Vacances anglaises - Joseph Connolly

4ème de couverture


Elizabeth s'est décidée pour des vacances balnéaires sur la côte anglaise, à l'ancienne (cinq étoiles, naturellement), vacances que son agent immobilier de mari, Howard, qui n'est nullement dans la gêne, lui offre volontiers - c'est essentiellement son rôle. Pour sa part, il préfère rester à Londres avec l'objet de ses désirs, Zouzou.

Leur voisine Dotty, qui envie à en mourir le niveau de vie d'Elizabeth (sans parler de toutes ses nouvelles affaires d'été), voudrait prendre les mêmes vacances exactement. Mais son mari qui, lui, se débat dans une gêne poignante, lui impose une alternative effroyable, tandis que leur fils de quinze ans, Colin, se languit d'une fille - n'importe quelle fille.

Melody, jeune mère célibataire, les accompagne avec Dawn, un amour de bébé qui passe son temps à hurler jusqu'à l'apoplexie. Sur les côtes étincelantes d'Angleterre, on rencontre forcément la très séduisante Lulu, mais également son mari John, fou de jalousie - à moins qu'il ne soit tout simplement fou. Sans parler de Miles McInerney, un séducteur professionnel doublé d'un salaud non moins professionnel : coucher, voilà son but unique. Pendant ce temps-là, la fille de Howard, Katie, passe un week-end torride à Chicago avec Norman. Comment tout cela va-t-il se terminer ?
Périple loufoque aux confins ultimes de la concupiscence, du snobisme et de l'adultère, Vacances anglaises est la dernière comédie de moeurs d'un des auteurs les plus drôles de Grande-Bretagne.


Voici un roman très drôle et en même temps très amer sur la vie et les relations hommes - femmes - amitié, amour, sexe, déviance - à tout âge. Un vrai bon moment ! Joseph Connolly a su mélanger merveilleusement à son récit narratif à la 3ème personne, des moments de réflexions intérieures des personnages à la 1ère personne (comme si on se trouvait dans leur tête) qui leur permettent d’être sincères, de ne pas mentir au lecteur au contraire de ce qu’ils peuvent faire croire ou vouloir faire croire aux autres personnages.

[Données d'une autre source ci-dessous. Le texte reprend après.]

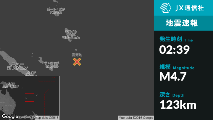 | 震源地 | バヌアツのIsangelから南南東164kmの地点 |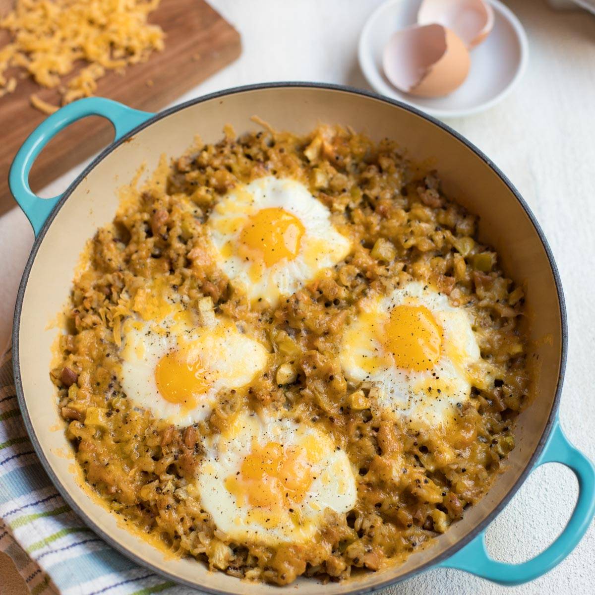 A quick, cozy breakfast of crisped leftover stuffing topped with soft-baked eggs and melted cheese.

Au début de ma lecture, j’ai un peu tilté sur ce procédé d’écriture, et puis très vite j’ai été charmée par ce style qui nous permet de voir ces personnages dans toute leur vérité. L’absurdité de certains personnages (mais pourquoi fait-il cela ? pourquoi dit-il ceci ?), leur sincérité, leurs moments de tendresse, mais aussi de désespoir, tout cela ne m’a pas laissé indifférente, ça m’a touché, et toute cette histoire est portée par une écriture originale qui m’a ravie !

J’ai maintenant hâte de lire la suite, N’oublie pas mes petits souliers où les protagonistes de Vacances anglaises se retrouvent autour d’un repas de Noël. J’ai hâte de retrouver ces personnages, mais surtout le style de Connolly !


Le jour même où j’ai terminé ce roman, j’ai regardé Embrassez qui vous voudrez, l’adaptation cinématographique de Michel Blanc. Quelle déception… En fait, je pense que j’aurais dû attendre, laisser du temps entre le roman et le film car le roman était encore tout frais dans mon esprit. Et le film est très fidèle au roman. J’ai retrouvé la majorité des situations du roman mais je n’attendais pas ce casting pour certains personnages. Notamment, je n’imaginais pas du tout Elizabeth jouée par Charlotte Rampling et Lulu par Carole Bouquet. J’aurais bien vu Carole Bouquet en Elizabeth, en fait ! Je trouve qu’elle n’avait pas cette faiblesse qu’on sentait chez Lulu. Par contre, oui, Karin Viard, sans hésiter, fait une super Dotty (Véronique dans le film) ! De plus, un des atouts majeurs du roman, je trouve, c’est son mélange dans le récit (3ème personne / 1ère personne), chose qu’il est très très difficile de faire passer à l’écran – et d’ailleurs, je pense que Michel Blanc a dû délibérément ne pas le faire – et je trouve que cela fait qu’il manque le petit truc en plus de Connolly.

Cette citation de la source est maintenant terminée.